| Goal of the exercise |
Leaving out every picture, copy the lines of the data exactly, from the first through the line containing "Tiger shark (Galeocerdo".

| Provided data |
--

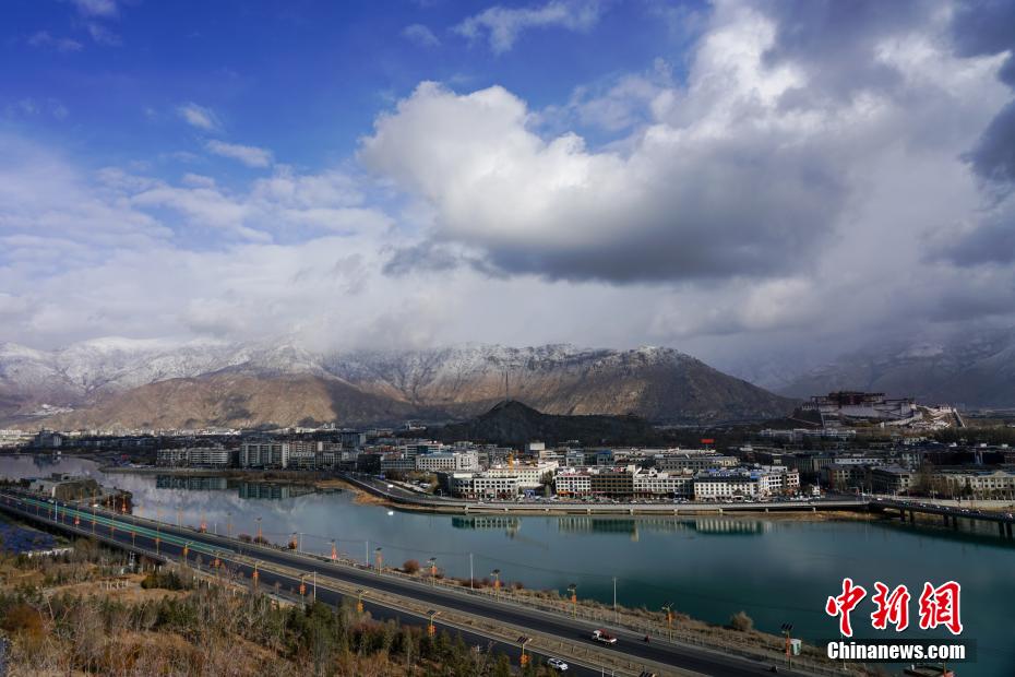 2月26日至27日,海拔3600多米的高原古城拉薩再次迎來降雪天氣,拉薩河兩(liang) 岸延綿的山體(ti) 猶如披上了一層白紗,一派高原特色城市風光,景色秀麗(li) 。布達拉宮觀景台、拉薩南山公園等地吸引了不少旅遊攝影愛好者“打卡”古城雪景。圖為(wei) 雪後拉薩城市風光。
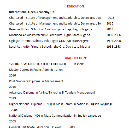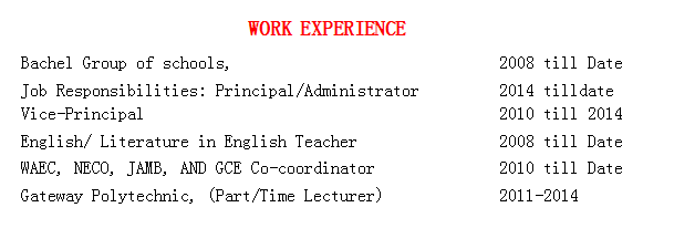 一直在尼日利亞拉各斯一所著名的中學(xué)教英語(yǔ)。曾擔(dān)任過(guò)系主任(HOD)、副校長(zhǎng)、學(xué)校公關(guān)官,現(xiàn)在擔(dān)任校長(zhǎng)。為理工學(xué)院的學(xué)生講課,為100至200名本科生講授英語(yǔ)和溝通技巧等課程。 |
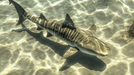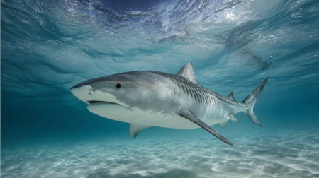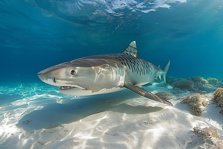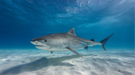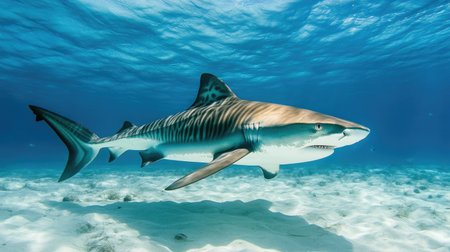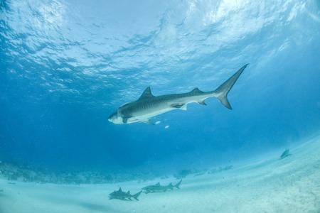 Tiger shark (Galeocerdo cuvier) swimming in the shallow sand banks, north of the Bahamas
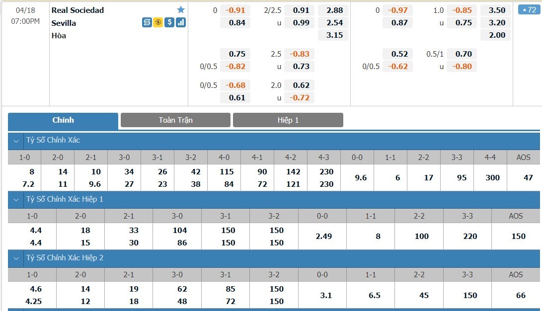 Đánh giá dựa theo phong độ, Real Sociedad đang ở trong 4 lượt trận gần nhất liên tiếp không biết mùi chiến thắng (hòa 2, thua 2). Nhìn sang phần sân đối diện, Sevilla bước tới trận đấu này trong tâm thế vô cùng tự tin. Họ đang duy trì mạch 6 trận liên tiếp bất bại với 4 chiến thắng và 2 trận hòa. Dưới con mắt của các nhà đầu tư, Sevilla là ô cược xứng đáng nhận sự tin tưởng với thông số thắng kèo châu Á 5/6 trận gần đây.

--

| Answer |
 2月26日至27日,海拔3600多米的高原古城拉薩再次迎來降雪天氣,拉薩河兩(liang) 岸延綿的山體(ti) 猶如披上了一層白紗,一派高原特色城市風光,景色秀麗(li) 。布達拉宮觀景台、拉薩南山公園等地吸引了不少旅遊攝影愛好者“打卡”古城雪景。圖為(wei) 雪後拉薩城市風光。
 一直在尼日利亞拉各斯一所著名的中學(xué)教英語(yǔ)。曾擔(dān)任過(guò)系主任(HOD)、副校長(zhǎng)、學(xué)校公關(guān)官,現(xiàn)在擔(dān)任校長(zhǎng)。為理工學(xué)院的學(xué)生講課,為100至200名本科生講授英語(yǔ)和溝通技巧等課程。 |
 Tiger shark (Galeocerdo cuvier) swimming in the shallow sand banks, north of the Bahamas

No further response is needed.